На прощанье Шершень меня вновь озадачил, но теперь конкретным поручением – типа, я им остался должен за дополнительные услуги по добыче карт. Ну, должен, так должен – я не против, надеюсь, никого при этом убивать не потребуется? На мои сомнения Шершень ответил вот что: «Там в Ельце на месте, откуда стрелял снайпер, ни местные менты, ни наши ребята ничего не нашли, в смысле, ни следов – всё затоптано, ни окурков, ни стрелянных гильз (стрелок подобрал, аккуратный). Мало того, пули, которые удалось выковырнуть из двери и из трупов оказались из специального сплава, деформированные настолько, что невозможно идентифицировать само оружие. Так вот, Студент, полазай по тому чердаку - ты малый ловкий и сообразительный, - может, чего и нароешь. Но тянуть нельзя, поэтому тебе надо оказаться там сегодня же. Сейчас тебя подбросят до грузового двора Павелецкого вокзала, там к тебе подойдёт водила с нашей фуры, которая идёт через Елец на юг – он тебя довезёт туда и потом, как осмотришься – до твоего города».
В общем, это было предложение, от которого не отказываются и я, понятное дело, согласился.
До нужного дома в Ельце мы добрались ближе к вечеру, только начали сгущаться сумерки. В том особняке на первом этаже располагались какие-то конторы, а на втором жилые помещения коридорного типа. На чердак вела захламленная деревянная лестница без перил. Уже на второй ступени я поскользнулся на какой-то липкой дряни и, качнувшись вбок, невольно задел торчавший из стены кривой гвоздь – чуть пузо себе не ободрал.

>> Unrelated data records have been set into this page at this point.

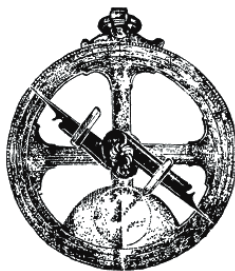
Рис. 5. Астролябия

Астролябия дала возможность преодолеть эту трудность. Астрономический вариант этого прибора являлся устройством красивым и сложным, с его помощью отмечали движение планет. Астролябия моряков была просто металлическим кольцом – кстати, ее часто называли «моряцкое кольцо», – размеченным на градусы, с металлической же подвижной планкой, проходящей через центр круга (см. рис. 5).
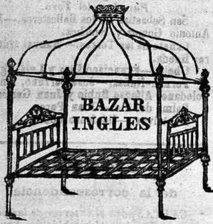
Ambrosio de Morales, frente á la cuesta de Lujan.

Piano. Se vende uno de mesa, en buen estado, propio para un principiante. Su precio muy arreglado.
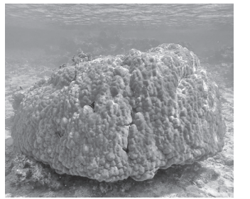
ハマサング=沖縄県石垣島沖にて撮影

沖縄の海中の景色は陸のうち、現在も生き残った上りきれい。サングや魚などが彩りをなしているのは2群体だけ。そのうちの1群体は「全体的に白化が見られる」という、生き残りが危ぶまれる状況です。 防衛局が示した最終的な評価は、移植先に元々生じていたサングの死亡率と同等であることなどを踏まえ「移植先において十分に順応している」と総括しました。 びっくりする結論でやっつけのけたのです。あれから5年。ハマサング9群体のうち、辛うじて残っているのは1群体だけだという。それ
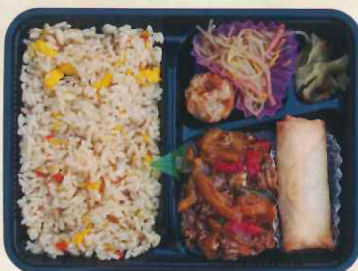
④8ハママラ 青椒肉絲弁当

Полусгнивший люк открылся довольно легко и я, включив фонарик, прошел к слуховому окну, откуда стрелял тогда снайпер. Ничего особенного я там не увидел – какие и были следы – всё было затоптано, а все окурки подобраны. Начал спускаться назад и тут в башке сработал некий тумблёр: я осмотрел тот самый гвоздь и обнаружил на нём клочок материи – неровный треугольник незнакомой мне ткани тёмного цвета. Я его забрал с собой. О чём и доложил на следующий день Шершню по телефону. Тот велел передать этот клочок через шофёра ему в Москву – тот должен был заехать ко мне на обратном пути.

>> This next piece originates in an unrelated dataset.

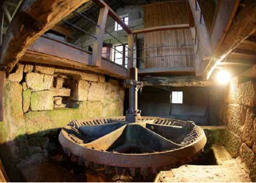
Muiño do Burato, exponente de los numerosos molinos hidráulicos que jalonaban el río Arnoia a su paso por Allariz y que a comienzos del XX se transformó en central hidroeléctrica. Imagen: J. Albertos.

introducción de ganado ovino en régimen extensivo que aproveche los pastos crecidos tras la roza e impida la desordenada proliferación del matorral, respetando el arbolado existente. Se produce así la transición del caos a una ordenación estructurada del territorio, con unos resultados que se han de hacer claramente visibles con el paso del tiempo.
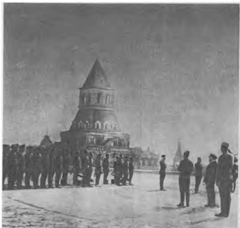
В. И. Ленин принимает перед одиннадцатого выпуска командиров Первых Московских советских пулеметных курсов в Кремле, Москва, 12 мая 1920 г.

Несколько вечеров я отбирал нужные мне карты в нужном порядке, их приходилось склеивать по несколько штук – так у меня образовывались целые рулоны из секретных карт, каждый из которых был с отображением во всех подробностях сотен километров приволжской территории.
Днями я пытался дозвониться до Дины в Москву по рабочему номеру фирмы «Тетюхин и сын», но к телефону никто не подходил. Тогда я решился на отчаянный шаг и набрал как-то вечером её домашний номер. Ответил мужской голос и без всяческих предисловий пригвоздил меня этим голосом к табурету: «Если ты, мразота, посмеешь ещё раз хотя бы взглянуть в сторону моей дочери, я тебя лично расстреляю в Лефортовской тюрьме, но сперва мы тебя подопрашиваем по первой категории…». Эту речь незнакомца прервал еле слышный в телефоне отдалённый крик Дины: «Папа, прекрати немедленно!». Связь тут же прервалась. Сразу перезвонить я как-то опасался. Надо было осмыслить случившееся.

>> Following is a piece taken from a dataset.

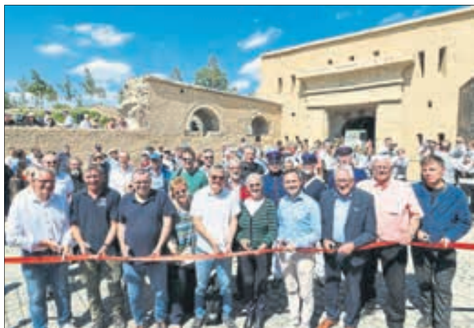
Mit dem symbolischen Zerschneiden des roten Bandes wurde der neue Festungspark Kaiser Franz in Lützel nach neun Jahren Bauzeit offiziell an die Bürger übergeben.

У нас на зоне и в моем городке ещё не подозревали о существовании телефонов с определителем номера – все эти Панасоники и JVC появились немного позже, но в тот момент я был уверен, что за мной установлена слежка, а дом набит записывающими и подслушивающими устройствами. Папа-то был полковник КГБ, а эта организация всесильна и всемогуща была всегда. Получается, её неведомый мне ранее папаша был в курсе абсолютно всего относительно меня: и что я бывший зэк и по какому поводу, и что я на его дочку как бы глаз положил…. Наверное, он был осведомлён и о моей связи с нарождающейся отечественной мафией – у чекистов всюду свои уши, глаза, а также горячие сердца с холодными руками.
Назавтра на работе мой начальник Серёга принёс мне телеграмму со словами, что поступила она на заводской адрес, но адресована была конкретно мне. Депеша была от Неё: «Павел Николаевич, можете перезвонить мне на адвокатское бюро». Без подписи. Что значит, конспирация! - то есть, Дина тоже опасалась, что телеграмма от неё на мой домашний адрес может быть перехвачена Сами Знаете Кем. Это называется перлюстрация частной переписки, которая была запрещена без санкции прокурора еще со времён сталинской Конституции. Но не всем.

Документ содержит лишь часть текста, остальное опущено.